Андраш представил учителя. На вопрос, чему обязан хозяин таким счастьем, он счел излишним ответить.

— Зайдете в дом или лучше здесь посидим? — спросил пастор.

— Здесь, на террасе, — сказал молодой граф. — Что вы делаете, Кеменеш? Опять что-то…

— Да, я читал церковный журнал, — подхватил тот. — Хорошему пастору надлежит постоянно проявлять усердие. — Надьреви взял лежавший на столе «Задунайский церковный вестник». — Всегда найдется что-нибудь интересное, — продолжал Кеменеш. — Этот журнал я прочитаю от корки до корки. Надо быть в курсе всех церковных дел.

— Где дети? — спросил Андраш.

— Дети бегают по саду, гоняются за кошкой или немилосердно тузят друг дружку, как и подобает детям доброго пастора.

— А ваша супруга?

— Моя супруга, Илонка, на кухне, наверно, пилит служанку, чтобы та принялась готовить ужин, ибо не только глаголом жив человек.

Пастор бросил на гостей торжествующий взгляд, вот, мол, на какие витиеватые ответы он способен.

— Погостить пожаловали к нам, в наше захолустье? — обратился он к учителю.

— Господин Надьреви наш гость; он истязает меня, вдалбливает мне в голову юридические науки, — ответил Андраш вместо учителя.

— Вот как! — Кеменеш помолчал немного, не зная, что еще сказать; потом, посмотрев на молодого графа, прибавил: — Скажу жене, может, вы соизволите чаю выпить…

— Нет, нет, — поспешил отказаться Андраш. — В это время мы не пьем чай.

Когда молодой граф попадал в дом к таким скромным людям, как священник, учитель или агроном, он всегда отказывался от угощенья. Привыкший к изысканным кушаньям и напиткам, он ни за что на свете не притронулся бы к чаю или кофе, который ему подали бы в бедном доме. Однажды по неведению он согласился выпить кофе, но в рот его взять не смог. «Спасибо, невкусно», — с грубой откровенностью сказал он, чтобы положить конец уговорам. Такой случай с ним больше не повторялся. Но домашняя абрикосовая водка, которую он как-то отведал у пастора, пришлась ему по вкусу.

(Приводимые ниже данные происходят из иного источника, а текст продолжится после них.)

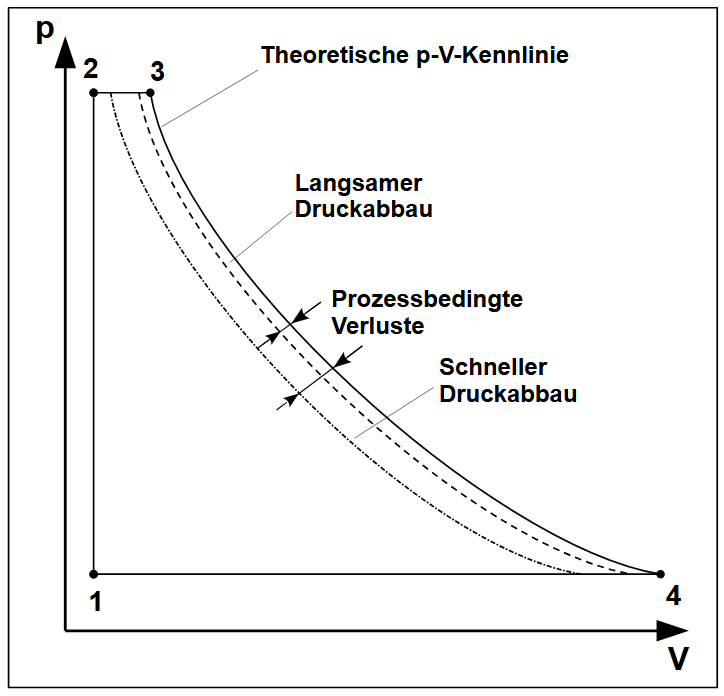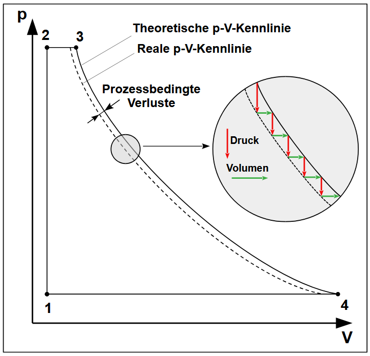 Die kontinuierliche Volumenvergrößerung, unter dem jeweils aktuellen, abnehmenden Druck, entspricht dabei der in mechanischen Energie umgewandelten Wärmeenergie, die von der Wärmekraftmaschine aufgenommen und in eine mechanische Bewegung (z.B. eine Rotation) umgesetzt werden muss.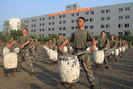 每天早上5点,紧密排列的六层宿舍楼里,灯光齐刷刷地亮起,随之,在地面混合着煤渣和沙子的简易操场上,来自广州军区75200部队的数百名士兵演员迅速集合、列队、摆阵型,一天的训练开始了。12月的广州依旧寒冷未至,温暖舒适的气候多少让这群年轻的战士感到欣慰。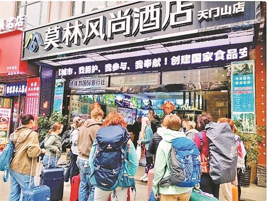 外国游客抵达湖南张家界天门山某酒店(资料图)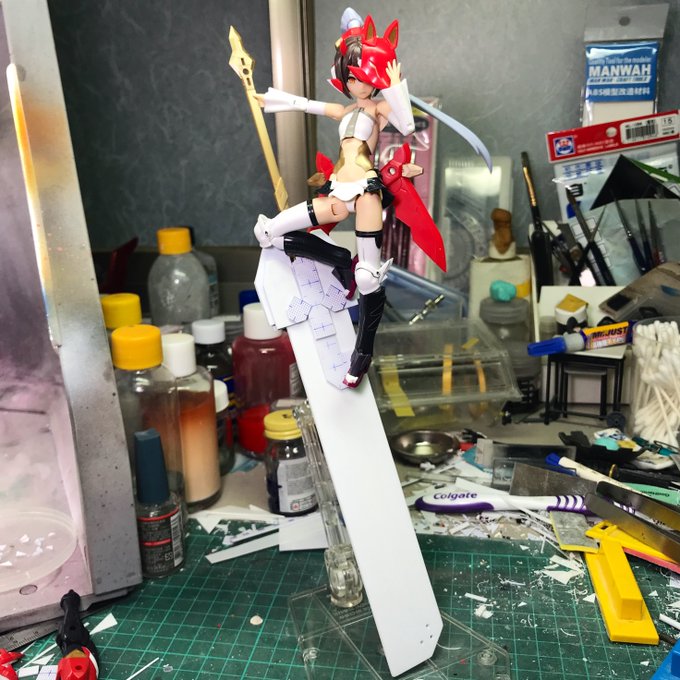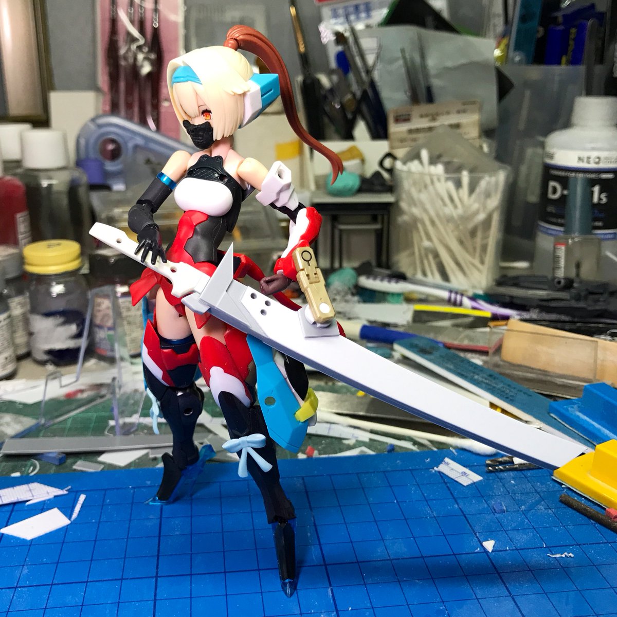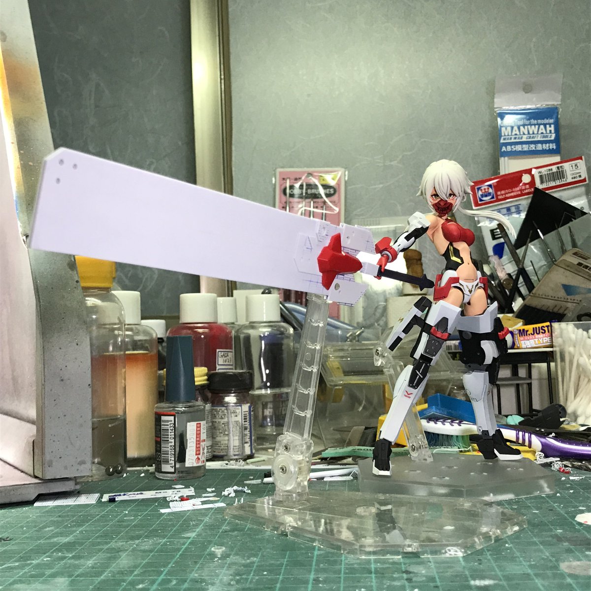 進捗 でか武器大好き❤wwwww ちなみに今回の武装は 二二式高爆戰術破城大剣「迦具土(カグツチ)」 #メガミデバイス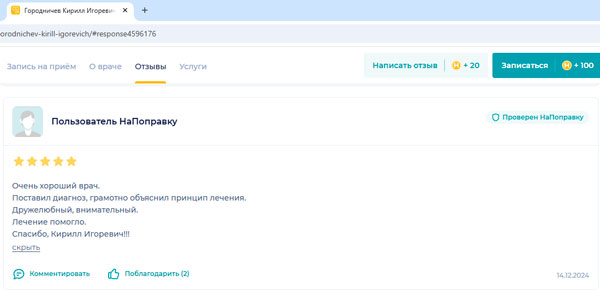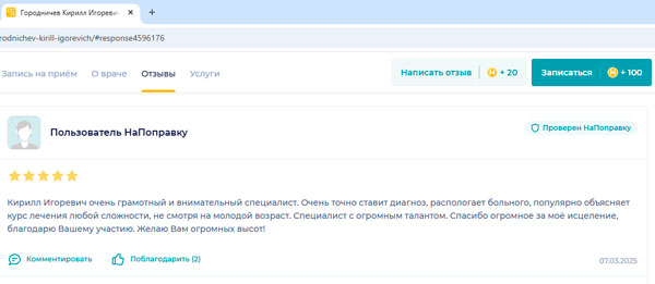 Кирилл Игоревич очень грамотный и внимательный специалист. Очень точно ставит диагноз, располагает больного, популярно объясняет курс лечения любой сложности, не смотря на молодой возраст. Специалист с огромным талантом. Спасибо огромное за моё исцеление, благодарю Вашему участию. Желаю Вам огромных высот!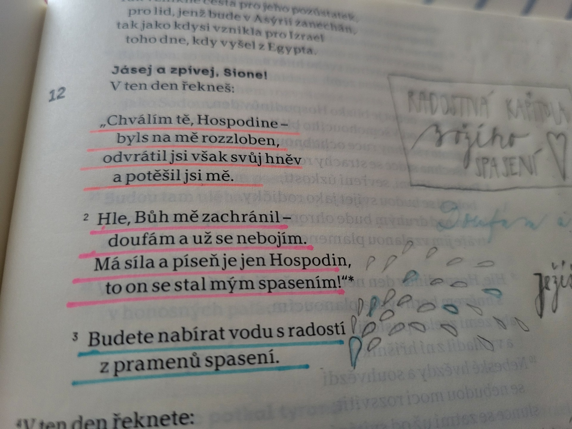 Na má slova dej pozor, k mým výrokům své ucho nakláněj, nikdy z nich nespouštěj své oči, hluboko v srdci si je uchovej. Věčnou smlouvu jsem Tebou uzavřel, láskou potvrdil, nepřítele porazil a Tvůj život k věčnosti vykoupil. Neboj se o chvíle, které věnuješ naslouchání mému hlasu, nejsou ztracené, ale plné toho nejvýživnějšího požehnání.

И теперь он попросил ее:

— Чаю не стоит, но той крепкой абрикосовой настойки я бы, пожалуй, выпил.

Пастор принес из дома полную бутылку и две маленькие рюмки. Налил гостям.

— А вы, ваше преподобие? — спросил Надьреви, прежде чем взять рюмку.

— Я не пью алкогольных напитков. Хватает пьяниц среди моих прихожан, пусть хоть я буду служить им примером. Я не пью и не курю; и против неумеренного курения выступаю обычно в проповедях. — И он посмотрел в глаза учителю, словно спрашивая: «Довольны ли вы мной, есть ли у вас какие-нибудь возражения?»

Надьреви почувствовал симпатию к пастору. Когда он вместе с Андрашем свернул на дорожку, ведущую к дому священника, то представил себе, что увидит этакого весельчака, сквернослова, опростившегося, грубого священника, который обманывает свою паству, проповедует воду и пьет вино. Первые шутливые слова Кеменеша укрепили его в этой мысли, хотя стоявший перед ним человек, весь его облик, лицо, умный открытый взгляд говорили о другом. Пастор заинтересовал учителя, который, желая испытать его, сказал:

— Я слышал, что вы подаете хороший пример своим прихожанам. Признаю, что пьянство — порок и чрезмерное курение вредит здоровью; не только протестантам, но и всем людям много вреда приносят алкоголь и никотин. Почему вы печетесь только о своих прихожанах? Значит, черт с ними, с прочими: католиками, евангелистами и иудеями, — им не повредит?

Внимательно выслушав его, пастор кивнул, словно одобряя вопрос, и ответил:

— Вредит всем хорошим людям, независимо от их вероисповедания. Но я хочу в первую очередь служить примером для своих прихожан, ибо их взгляды обращены ко мне. Другим до меня нет дела. Только вызывая к себе недовольство, привлекал бы я их внимание. Поэтому я вынужден сказать, что об иноверцах должен заботиться их священник.

— Да, — согласился Надьреви, не зная, к чему придраться в словах пастора.

«Ничего, я еще проэкзаменую его», — подумал он. Тут из дома вышла пасторша, догадавшись, как видно, что пришли гости и кто один из них. С заблестевшими от радости глазами протянула она руку молодому графу и сказала:

— Добрый день.

— Добрый день, — поднявшись с места и вежливо улыбаясь, поздоровался с ней Андраш.

Надьреви и Кеменеш тоже встали. Пасторша подала руку и учителю, которого ей представил муж, но настолько была занята Андрашем, что другого гостя даже взглядом не удостоила.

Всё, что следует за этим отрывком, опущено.